Рьяна была красивой женщиной – круглолицая, златовласая, некогда мечта всех местных неженатых мужчин. Ее глаза
цвета неба всегда были подернуты влагой и обладали проницательным взглядом. На плечи Рьяны поверх ночной сорочки из белого хлопка был накинут бархатный халат зеленого цвета.
– А разве не слишком поздно разгуливать по улицам города одной? Что, если тебя кто-нибудь увидит? Что тогда о нас скажут? Что невестка, едва обручившись, гуляет не пойми где и с кем? – Рьяна улыбалась настолько широко и приторно, что, казалось, от натуги у нее сейчас лопнут щеки.
– Я ни с кем не собираюсь встречаться. Хочу подышать воздухом, только и всего, – пожав плечами, ответила Элисфия, понимая, что ей вряд ли удастся выйти до того, как старшие члены семьи отправятся спать.
– Можешь открыть окно. Полагаю, воздух из него будет достаточно свежим, чтобы справиться с духотой, – безразлично сказал Грир Фотсмен.
Элисфия побаивалась мужчину. Он был тих и молчалив, но в минуты, когда от него требовалась твердость и решительность, с ярым остервенением это проявлял. Несколько раз перепадало девушке за непослушание, однажды мужчина избил ее плетью до крови из-за пролитого молока на новый стол, только что покрытый лаком. Она на всю жизнь запомнила перекошенный от злобы рот и горящие презрением маленькие поросячьи глазки. С тех пор выражение его лица при виде Элисфии практически не менялось. Ему не нравилась та роль, которой наделили его старейшины, но он не мог противиться их воле.

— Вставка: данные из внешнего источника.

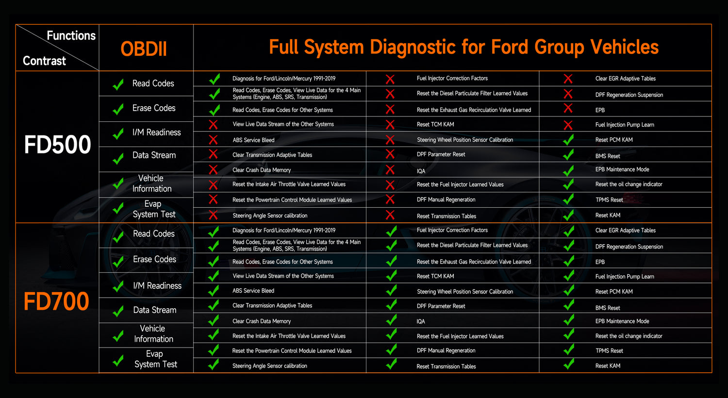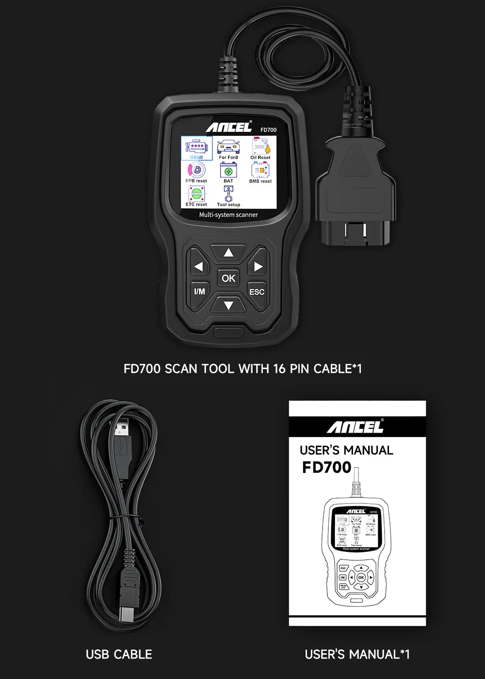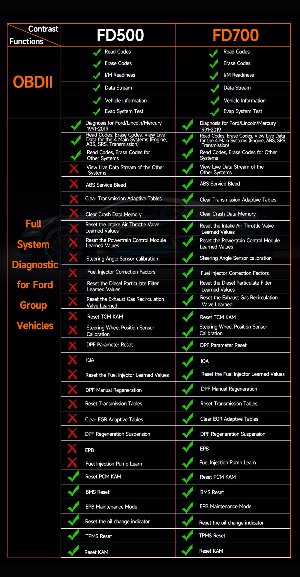 The FD700 scan tool is designed specifically for Ford, Lincoln, and Mercury cars, which can quickly scan and easily access all systems (engine, SRS, TPMS, ABS, SAS, ESP, TCM, CKP, EPB, EPS, BMS, etc.), while supporting the body, chassis, powertrain, and all control modules. It can read and clear fault codes, and has various special functions to help you effectively maintain your car, providing you with good repair assistance while saving time and money.

– Прошу вашего дозволения провести время на заднем дворе, пока луна не начнет спускаться. После я вернусь в свою комнату, обещаю, – девушка вытянулась по струнке в ожидании вердикта.
– Отправляйся в свою комнату прямо сейчас, – тоном, не приемлющим никаких возражений, ответил Грир.
Девушке пришлось молча последовать приказу главы семейства. Пожелав доброй ночи, она отправилась к себе, хотя комнатой это помещение назвать было сложно. Ей выделили маленькую каморку между кухней и комнатой для прислуги, в которой раньше хранили разный хлам. От крошечного окошка в стене практически не было света или воздуха. Старая кровать в углу, маленький сундук для личных вещей и одна свеча на нем – вот и все убранство.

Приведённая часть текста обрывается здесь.